In this post, we take a look at some characteristics of injective linear transformations. Let $T$ be a linear transformation from some vector space $V$ to another vector space $W$, both defined over a field $F$. $T$ being injective, means that no two vectors in $V$ can be mapped to the same vector in $W$. We have a one-to-one mapping between the vectors in $V$ and their images in $W$.
\begin{equation} T(\alpha) = T(\beta) \implies \alpha = \beta \end{equation}
What does the null space of $T$ look like?
\begin{equation} N = \set{\alpha \in V: T\alpha = 0} \end{equation}
Assuming that $V$ isn’t just $\set{0}$, for an $\alpha \in V$ ($\alpha \neq 0$), we can pick another element $\beta \in V$ that is different from $\alpha$. We have $\gamma = \beta - \alpha$, with $\gamma \neq 0$, $\gamma \neq \beta$ and $\alpha = \beta - \gamma$, basically writing $\alpha$ as the difference of two other vectors in $V$.
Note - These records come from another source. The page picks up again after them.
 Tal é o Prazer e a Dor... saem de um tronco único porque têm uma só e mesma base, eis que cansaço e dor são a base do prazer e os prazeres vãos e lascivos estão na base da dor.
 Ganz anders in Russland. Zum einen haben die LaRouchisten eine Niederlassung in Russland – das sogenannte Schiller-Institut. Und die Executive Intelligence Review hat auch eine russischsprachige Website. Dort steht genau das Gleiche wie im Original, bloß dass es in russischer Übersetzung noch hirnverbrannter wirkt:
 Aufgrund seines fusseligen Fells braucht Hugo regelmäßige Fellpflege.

\begin{equation} T\alpha = T(\beta - \gamma) = T\beta - T\gamma \end{equation}
\begin{equation} T\alpha = 0 \implies T\beta - T\gamma = 0 \implies T\beta = T\gamma \end{equation}
As $\beta$ and $\gamma$ are different vectors in $V$, they cannot have the same image in $W$ as $T$ is injective. So only the zero vector in $V$ can get mapped to the zero vector in $W$.
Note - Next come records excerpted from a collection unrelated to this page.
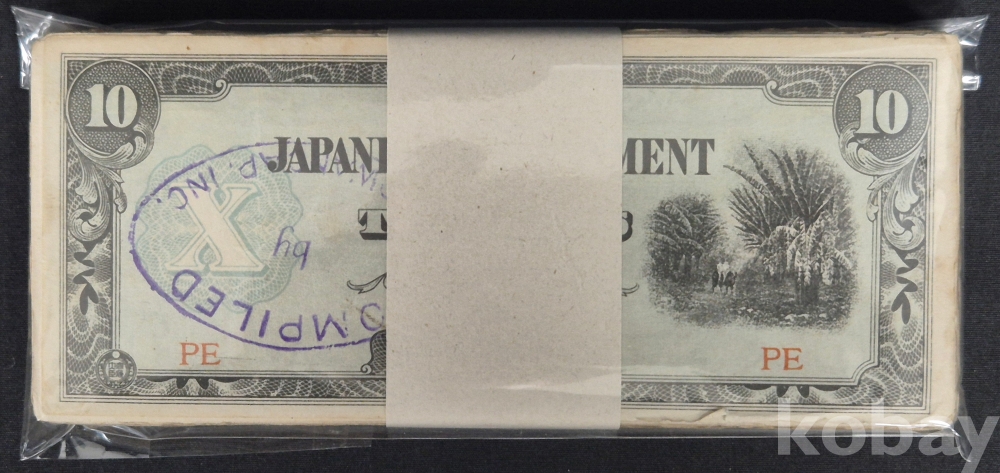 - 태평양 전쟁 일본 군표 10페소 필리핀 사용 약 100장 다발- 군용 수표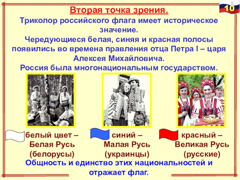 точек зрения на происхождение этих цветов в Государственном флаге.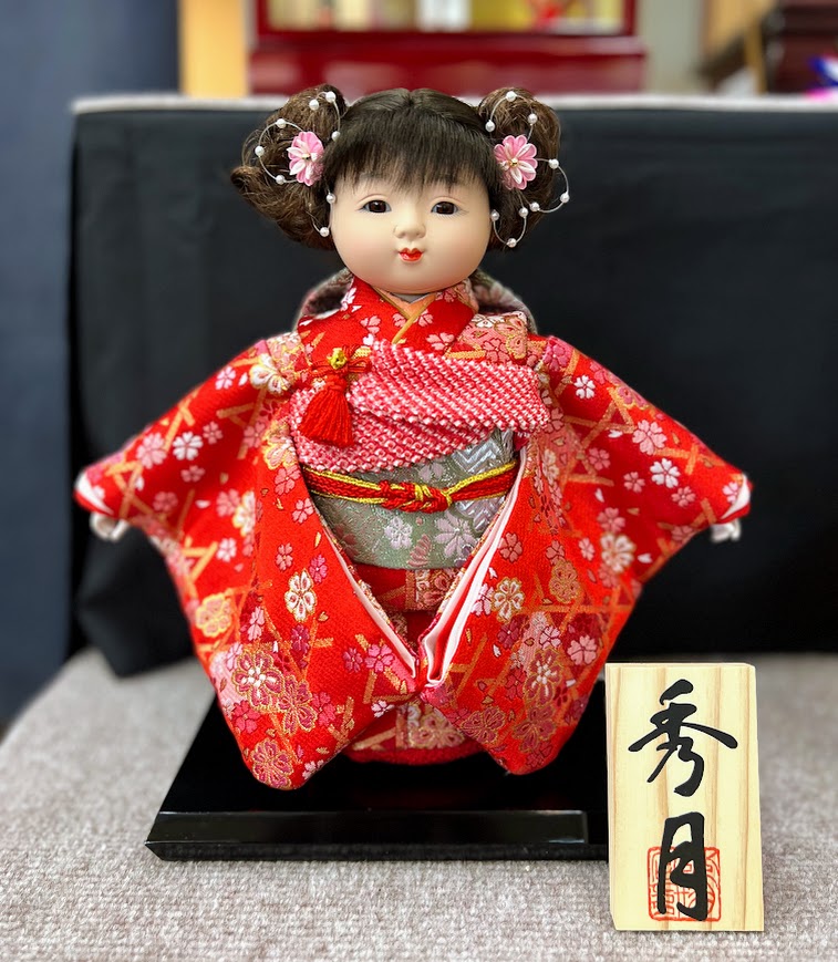 お選びいただいた市松人形は、母が工房にて一から制作する秀月オリジナルの市松人形。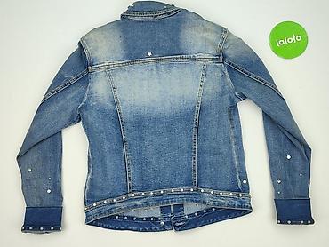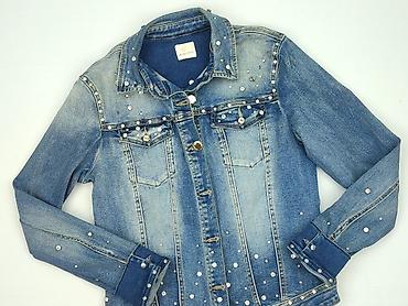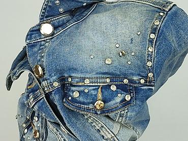 Damska kurtka jeansowa z ozdobnymi dżetami i perłowymi nitami
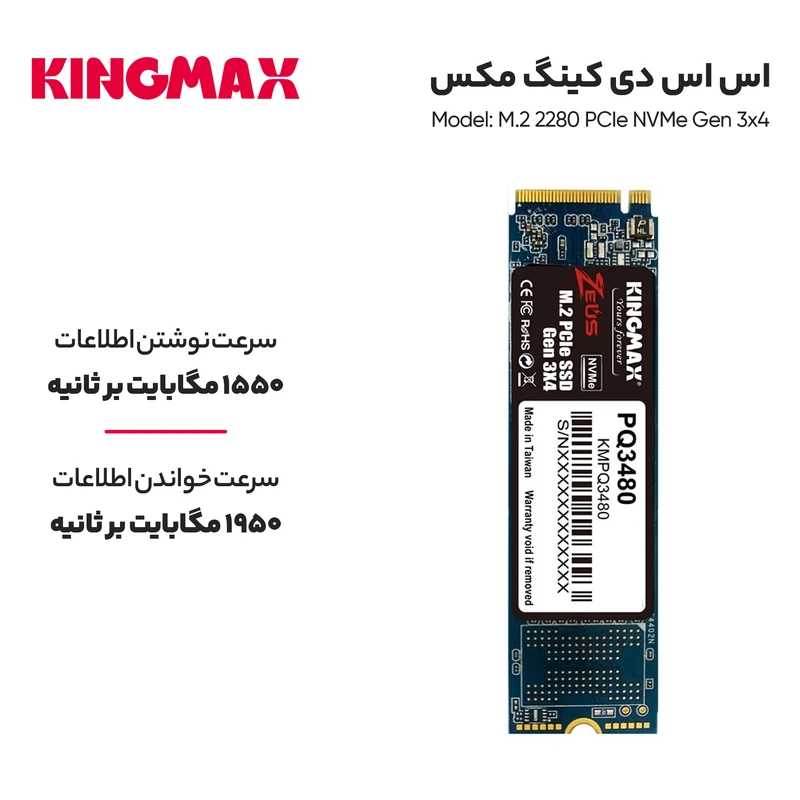 شرکت کینگ مکس در سال 2021 با تولید SSD های جدید، بعنوان پیشرو ترین شرکت در ضمینه تولید SSD نسل جدید در دنیا معرفی شده است. یکی از این محصولات M.2 2280 PCIe Gen 3×4 PQ3480 است که با سرعت حداکثر 2500 مگابایت در ثانیه باعث ایجاد تصاویر با وضوح دقیق و فوق العاده بالا، پردازش با سرعت بالا و انتقال داده با تأخیر کم می شود. که برای طراحی گرافیکی و مهندسی مناسب است. این SSD از چندین صفحه برای انجام وظیفه پشتیبانی می کند که از این قابلیت گیمرهای حرفه ای می توانند در چند ثانیه تعداد بازی ها گسترده ای را انتخاب کنند.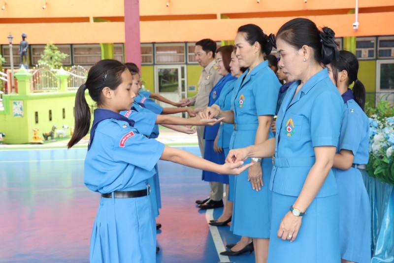 พิธีหมอบเข็มและเข้าประจำหมู่ยุวกาชาดโรงเรียนเทศบาล 2 ประจำปีการศึกษา 2567

\begin{equation} T\alpha = 0 \implies \alpha = 0 \end{equation}
The null space $N$ of $T$ is just the zero vector space $\set{0}$ over $F$. An injective linear transformation cannot map non-zero vectors to the zero vector. We sometimes say that such a $T$ is non-singular.
Another property of such a transformation, is that it preserves linear independence. Stating more formally, if $A \subset V$ is a set of linearly independent vectors in $V$ consisting of vectors $\set{\alpha_1, \ldots, \alpha_n}$, then $B = \set{T\alpha_1, \ldots, T\alpha_n} \subset W$ is also an independent set of vectors.
Let’s look at a simple way of verifying this. We let $\beta_j = T\alpha_j$. Assume that $A$ is a set of independent vectors and $B$ is not. If the vectors in $B$ are not independent, it means that we can express some particular vector as a linear combination of the other vectors.
\begin{equation} \beta_k = \sum_{j=1, j \neq k}^{n}c_j\beta_j \end{equation}
As $T$ is a linear transform, we have
\begin{equation} T\alpha_k = T(\sum_{j=1, j \neq k}^{n}c_j\alpha_j) \end{equation}
\begin{equation} T\alpha_k - T(\sum_{j=1, j \neq k}^{n}c_j\alpha_j) = 0 \end{equation}
\begin{equation} T(\alpha_k - \sum_{j=1, j \neq k}^{n}c_j\alpha_j) = 0 \end{equation}
As the $\alpha_j$’s are independent, the term $\alpha_k - \sum_{j=1, j \neq k}^{n}c_j\alpha_j \neq 0$ as we cannot express any $\alpha_k$ as a linear combination of the other vectors in A.
But as we have seen, if $T$ is injective, it cannot map non-zero vectors to zero. Hence the vectors $\beta_j$ in $B$ must also be independent, meaning that an injective linear transformation preserves the linear independence of vectors.
To close this out, we tie this back to a fundamental result in linear algebra. Let $R_T$ be the range of $T$ and $\dim R_T$ be the rank of $T$. As $T$ is injective, the range has the same dimensionality as $V$ as the basis of $V$ would get mapped to independent vectors in $R_T$. So we have $\dim V = \dim R_T$. For a general linear transformation $T$, we know that:
\begin{equation} \dim V = \dim N + \dim R_T \end{equation}
If $T$ is injective, $\dim N = 0$ and so $\dim V = \dim R_T$, which agrees with our conclusion above.